Denial, Manipulation, and the Regime’s Political Agenda

Economic and labor figures across Iran have denounced the government’s manipulation of poverty statistics. Hossein Kamali, secretary-general of the Islamic Labor Party, stated that “changing the measurement tools does not erase poverty.” The so-called poverty line, he added, “fails to account for real living costs and ignores entire groups — workers, pensioners, children, and elderly women — who are being crushed by inflation.”

In rural and marginalized urban areas, 40 to 50 percent of the population lives below the poverty line. Children are increasingly deprived of education and nutrition, and elderly citizens struggle to access healthcare. What remains of Iran’s middle class is rapidly collapsing, turning poverty from an economic condition into a social catastrophe.

While regime-linked economists point to a slight improvement in the Gini coefficient — a measure of inequality — this “improvement” merely reflects the fact that everyone has become poorer, not that the poor have grown wealthier.

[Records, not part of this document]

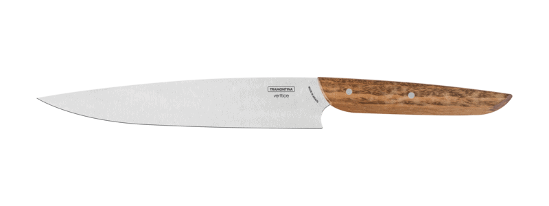 Verttice Stainless Steel 8" Utility Knife With Natural Wood Handle Warranty: 90-day warranty against manufacturing defects. With its sword-like tip, this knife helps with opening and piercing food items.The stainless steel blade is highly durable thanks to the heat treatment. Natural wood handle with stainless steel rivets. If you want a versatile, functional knife to complete your set of kitchen knives, you can count on Tramontina's Verttice stainless steel 8" utility knife with natural wood handle. With a stainless steel blade, this knife is highly resistant and durable. The natural wood handle with stainless steel rivets is durable and very comfortable to use. A must-have knife to make your daily food preparation much easier!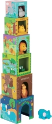 Ta komplet 6 kock omogoča vsakemu otroku odkrivanje eksotičnih živali iz daljnih krajev. Zaradi njihove priročnosti in izbranega materiala postanejo idealni spremljevalci na potovanjih in med kopanjem (pozor, karton ne sme priti v stik z vodo!).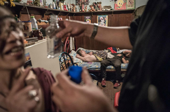 她们每天站街工作,但是仅仅获得微薄的收入。变性女人互相称对方为Marica,这是对同性恋的一种冒犯语。图为晚上站街的娜塔莉亚,但是她不喜欢这个时间工作,她认为这个时段很危险。但是她不得不出来赚钱,有时她一天要在外面站近20个小时,她依靠服用一些药物来让自己感觉起来不那么冷。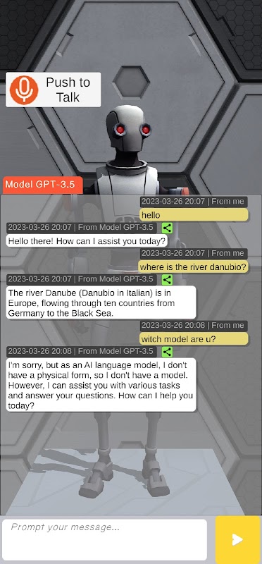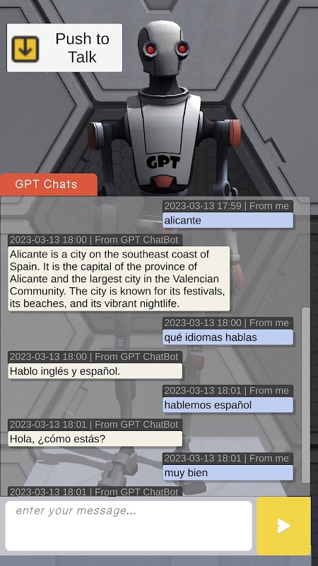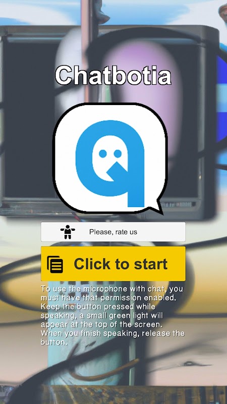 To use this app with the microphone, you must accept the microphone permissions. If this is your first time accepting them, you may need to restart the app. Press the 'Push to talk' button and hold it, start talking as soon as a small red light comes on at the top of the screen and keep the button pressed. Once the phrase is finished, release the button. The chatbot will recognize your text and send you a reply. Enjoy it!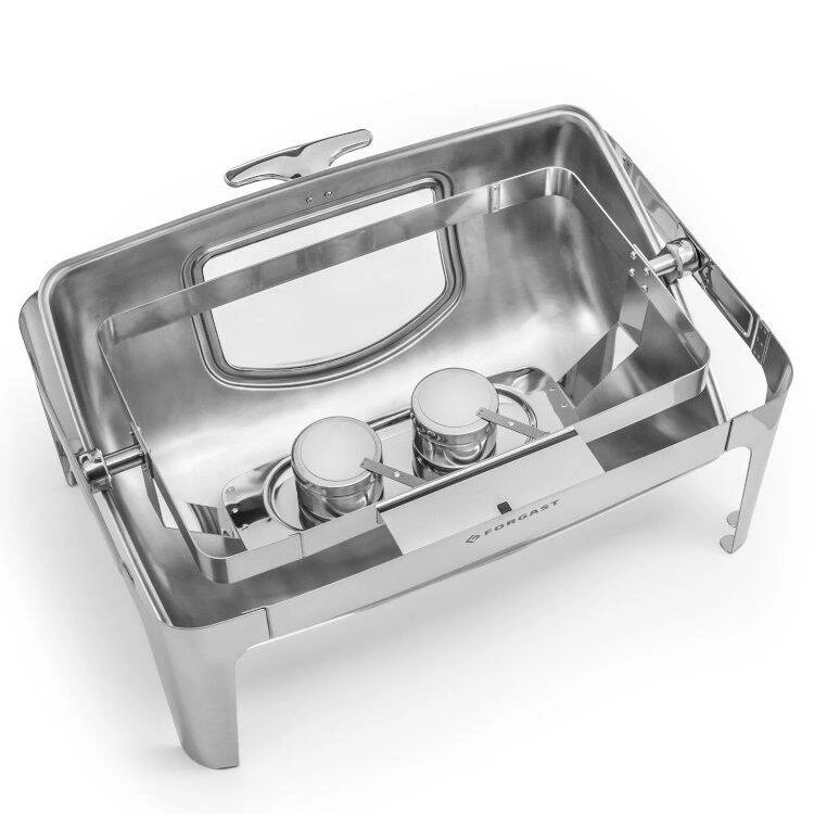 Ohřívač FORGAST FG03118 je vyroben z odolné oceli, což zajišťuje odolnost vůči mechanickému poškození a snadnou údržbu. Roll-top víko se plynule otevírá až do 180 stupňů, což usnadňuje servírování jídel i samoobsluhu během bufetů a konferencí. Průhledný průzor umožňuje průběžnou kontrolu obsahu bez nutnosti zvedání víka, což minimalizuje tepelné ztráty. Součástí sady je GN 1/1 nádoba o hloubce 6,5 cm, ideální pro servírování různých pokrmů, a dva zásobníky na palivové dózy, které umožňují dlouhodobý ohřev jídel.

A “Line of Death,” Not Poverty

Ultimately, the government’s declared poverty line is not an indicator of economic policy but an instrument of denial. Behind these numbers lies a brutal truth: millions of Iranians go to bed hungry, children are forced out of school, and the elderly suffer without medical care.

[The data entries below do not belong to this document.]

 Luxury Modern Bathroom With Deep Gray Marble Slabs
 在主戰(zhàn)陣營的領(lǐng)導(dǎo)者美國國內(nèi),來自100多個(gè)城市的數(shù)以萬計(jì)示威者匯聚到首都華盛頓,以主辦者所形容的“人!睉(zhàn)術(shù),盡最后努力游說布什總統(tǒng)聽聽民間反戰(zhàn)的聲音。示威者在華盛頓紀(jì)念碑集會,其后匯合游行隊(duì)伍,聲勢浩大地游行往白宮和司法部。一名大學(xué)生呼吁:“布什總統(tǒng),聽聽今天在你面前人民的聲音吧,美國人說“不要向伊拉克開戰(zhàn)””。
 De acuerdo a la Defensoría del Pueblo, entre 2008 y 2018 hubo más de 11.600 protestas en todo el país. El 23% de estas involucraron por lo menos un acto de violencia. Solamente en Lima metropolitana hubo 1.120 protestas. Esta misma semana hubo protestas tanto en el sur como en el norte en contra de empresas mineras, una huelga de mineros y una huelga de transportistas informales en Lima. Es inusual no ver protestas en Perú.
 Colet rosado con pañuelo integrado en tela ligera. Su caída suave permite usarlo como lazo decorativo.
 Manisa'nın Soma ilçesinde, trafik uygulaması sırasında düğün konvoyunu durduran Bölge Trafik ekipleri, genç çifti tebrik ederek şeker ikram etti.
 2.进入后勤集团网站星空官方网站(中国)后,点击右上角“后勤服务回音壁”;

Skyrocketing rents (over 40 percent annual increase), failed welfare programs, and ongoing political crises have made poverty a structural feature of life under the clerical regime. Yet, instead of addressing the causes, Khamenei’s regime hides behind fabricated statistics — an attempt to disguise the collapse of a system that has long abandoned its people.

In today’s Iran, the “poverty line” no longer marks the limit of economic survival. It marks the moral and political bankruptcy of a regime that sustains itself by sacrificing the welfare of an entire nation.